Oh, there it is -- 27 paragraphs into the article, "Pontiac also sells the Grand Prix sedan and the GTO coupe, ...." WTF? Dress the car up like a Mustang and the reporter would be ****ing all over himself. There's no accounting for taste.

:confused :confused :confused


----------



## Guest (Feb 26, 2005)

*like lemmings to the sea!*



capra2d said:


> Oh, there it is -- 27 paragraphs into the article, "Pontiac also sells the Grand Prix sedan and the GTO coupe, ...." WTF? Dress the car up like a Mustang and the reporter would be ****ing all over himself. There's no accounting for taste.
> 
> :confused :confused :confused


i must admit the mustangs look good and are pretty fast and inexpensive
(i have mustang gt and pony emblems under mY toilet seats in both bathrooms) raise the lid see the emblems!
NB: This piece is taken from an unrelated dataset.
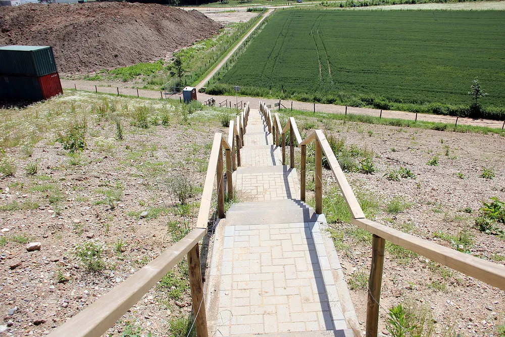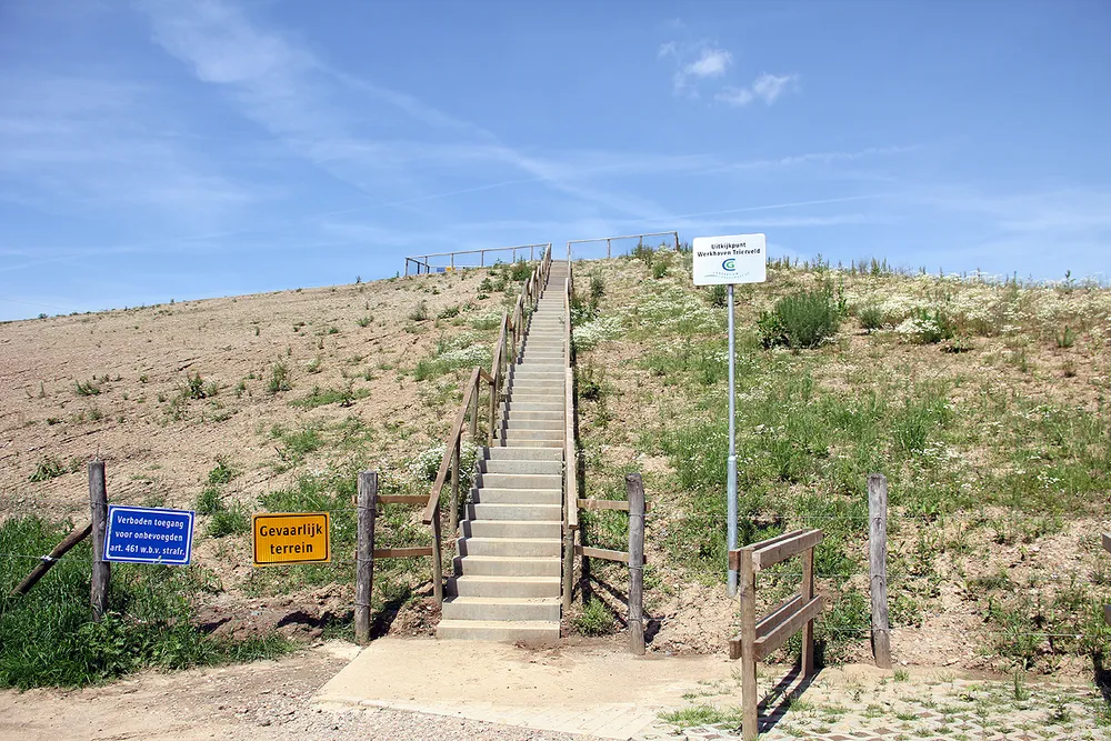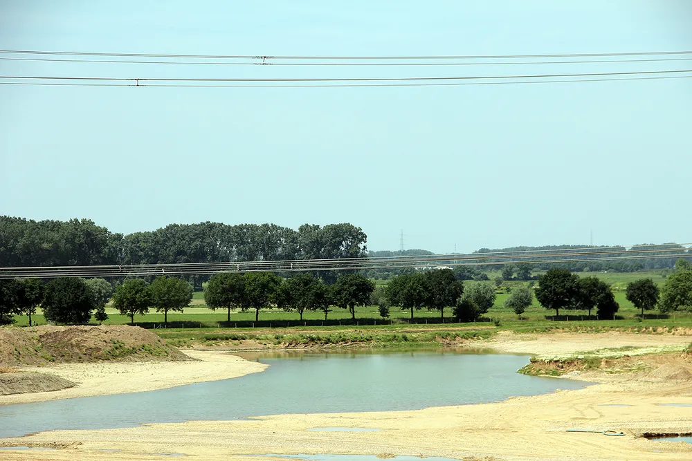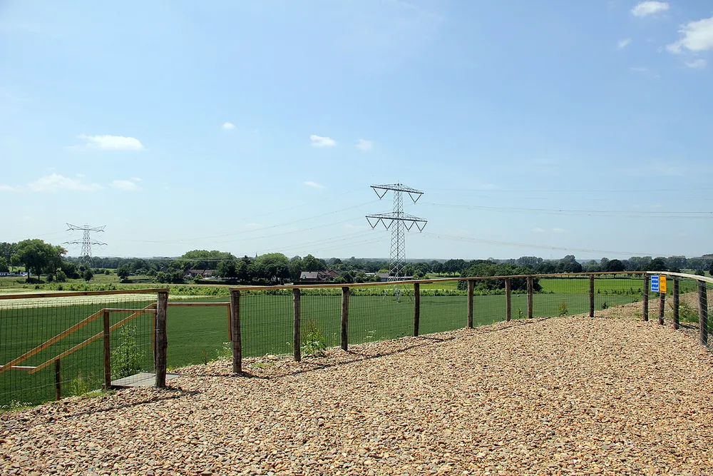 Vanaf het op een hoge dijk gevestigde uitkijkpunt krijgt men een mooi overzicht van de werkzaamheden in het gebied. Grote meerpalen staan momenteel letterlijk voor paal in een vlakte die over niet al te lange tijd onder water komt te staan.

GM cant or wont builD another
tempest ie: big motor inexpensive car, my 2002 ram air ws6 triple black
listed at 38,000 bucks, the mustangs will sell like hot cakes, hell performace
to dollar ratio beats GM to death i dont think they get it or refuse to get it!
"GOT IT" I HATE ALL MUSTANGS 1964 TO THE PRESENT! BUT THEY SELL! :rofl:


----------